Localization of Esterase-8 to the short arm of chromosome 3

Linkage studies provided preliminary evidence for the presence of a major anodal esterase locus on chromosome 3 (Goodman et al., Genetics 96:697, 1980). The E8 gene, originally defined by MacDonald and Brewbaker (J. Hered. 65:37, 1974) using null alleles, encodes a highly active, ubiquitous anodal esterase. Several electrophoretic mobility classes for E8 have now been described, including naturally-occurring (Ferl, pers. comm.; Goodman and Stuber, 35th Ann. Corn and Sorghum Res. Conf.) and EMS-induced variants (Birchler, Genetics 92:1211, 1979). Heterozygotes for two different electrophoretic forms produce a three-banded pattern in sporophytic tissues, indicating that E8 is active as a dimer. Pollen from heterozygous plants exhibits only the two homodimer bands, suggesting that the E8 present in pollen is synthesized post-meiotically.

In order to confirm the localization of E8 to chromosome 3, plants carrying the extremely slow-migrating, EMS-induced E8-S allele (Birchler, 1979) were pollinated by TB-3Sb (kindly provided by J. Beckett). Immature kernels were harvested 20 days post-pollination and embryonic (scutellar) and endosperm tissues were separately tested for E8. Of 5 tested individuals with the slow allele, one was euploid; i.e., the endosperm and embryo each carried both the paternal fast and the maternal slow forms. In the embryo, a 1:2:1 FF:FS:SS band ratio was observed, while in the triploid endosperm, the banding pattern was skewed towards the SS form, due to the fact that the maternally-derived S allele is represented twice. Three kernels had only the E8-S allele present in the endosperm and an approximate 4:4:1, FF:FS:SS band ratio in the corresponding embryos. These kernels show uncovering of the maternal form in the endosperm and the complementary duplicated condition in the embryo. One kernel exhibited the reverse of this phenotype: the maternal slow allele was uncovered in the embryo and a 1:2:1 band ratio was observed in the correspondingly hyperploid (S/S/F/F) endosperm.

When coleoptile tissue from a similar cross was examined, five tested seedlings carried the slow allele. One was hypoploid, exhibiting only the maternal, slow allozyme. Another was hyperploid as evidenced by an approximate 4:4:1, FF:FS:SS banding pattern.

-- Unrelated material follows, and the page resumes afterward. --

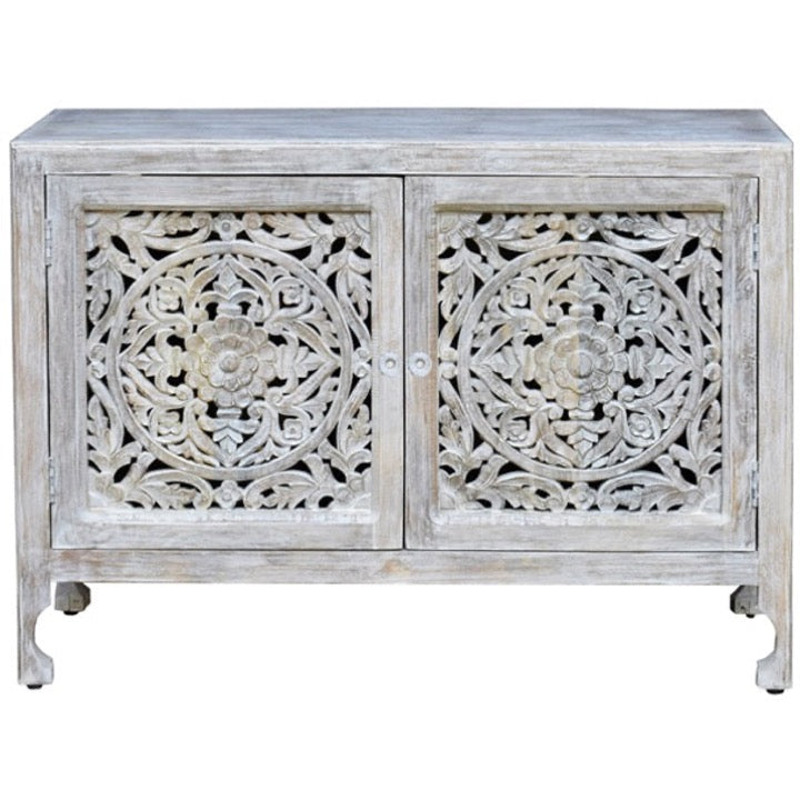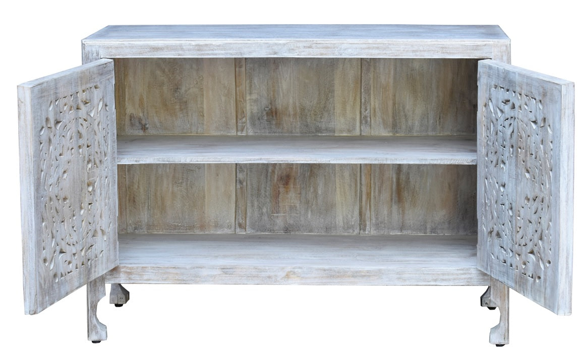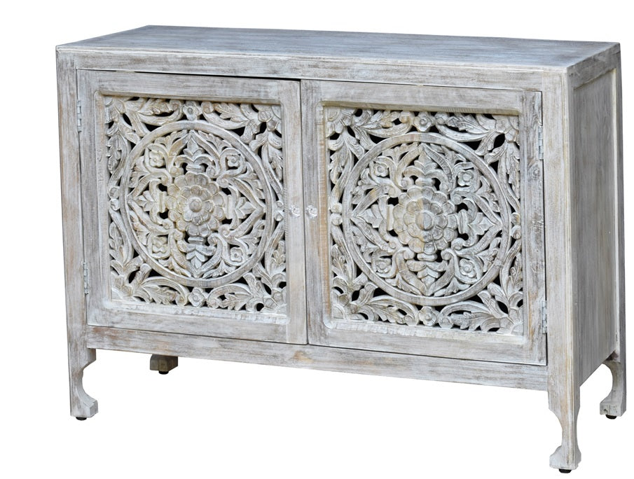 This hand carved beauty comes with 2 shelf inside and is perfect to store everyday bed & bath linen or be used as a kids toy’s storage.

The remaining three were apparent euploids, with equal paternal and maternal E8 contributions. The hypoploid seedling could not be explained by self-contamination, since this individual was heterozygous for maternal and paternal alleles of Glu (chr. 10), Phi (chr. 1), Pgm1 (chr. 1), and Mdh2 (chr. 6). In the exact reciprocal cross (using the TB-3Sb plant as a female), no-cases of uncovering of the E8-S allele were found.

Collectively, these data place the E8 locus in the region of 3S included in TB-3Sb and confirm the linkage of this gene to other chromosome 3 genes. Since E8 is easy to work with and the dosage of 3S can be readily discerned by its banding ratios in heterozygotes, it should serve as a useful marker for dosage studies involving the short arm of chromosome 3.